リスティング広告の費用対効果が悪い。直す順番を間違えないために

作成者: アドサプリ運営チーム|Jul 14, 2026, 4:02:15 PM
HOMEブログ / リスティング広告の費用対効果が悪い。直す順番を間違えないために
リスティング広告費用対効果

リスティング広告の費用対効果が悪い。直す順番を間違えないために

アドサプリ運営チーム2026.07.15

費用対効果が悪い、という相談を受けたとき、私はまず「悪いのは入口ですか、出口ですか」と聞き返します。同じ『費用対効果が悪い』でも、クリックが高すぎるのか、クリックは取れているのに問い合わせにならないのかで、打ち手はまったく別物だからです。ここを切り分けずに『とりあえず広告文を変えてみる』と動くと、たいてい空振りします。

この記事の要点

  • 費用対効果は「クリック単価 × クリック率 × 成約率」の掛け算で決まる
  • 相談の半分以上は広告ではなくランディングページと受け皿(出口)の問題
  • 直す順番は、計測の確認 → 無駄クリックの除外 → LP改善 → 広告文 → 入札
  • 広告費を減らすのは最後の手段。内訳を把握してから絞る

費用対効果は、3つの掛け算で決まる

リスティング広告の費用対効果は、ざっくり「クリック単価 × クリック率 × 成約率」の関係で決まります。広告費に対して成果が薄いとき、犯人はこの3つのどこかにいます。

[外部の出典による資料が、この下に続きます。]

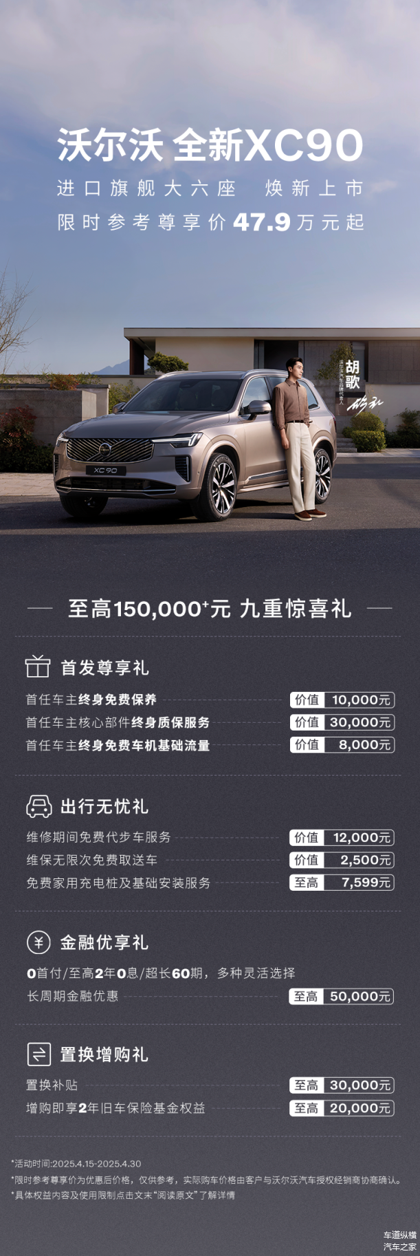 4月15日,沃尔沃汽车以“安全、健康、环保”为核心,正式宣布全新XC90豪华旗舰SUV上市。新车提供B5、B6及T8插电混动共5款配置,限时尊享价47.9万元起,同步推出“至高15万元九重礼遇”及“十二大全心服务承诺”,携手品牌代言人胡歌,为消费者带来全方位的优质体验。以全维升级的产品力与用户权益,重新定义中大型豪华SUV市场标准。

順番に見ていきます。

① クリック単価が高すぎる

競合の多いキーワードに真正面から入っていると、1クリック数百円〜千円を超えることもあります。ここで効くのは、品質スコアの改善と、検索語句の絞り込みです。後で詳しく触れますが、関連性の低い語を除外するだけで、平均クリック単価が下がることは珍しくありません。

② クリック率が低い

表示はされているのに押されていない状態です。広告の掲載順位、広告文、アセットの不足を疑います。ここは比較的すぐ直せる領域で、見出しを検索語に寄せるだけで反応が変わることがあります。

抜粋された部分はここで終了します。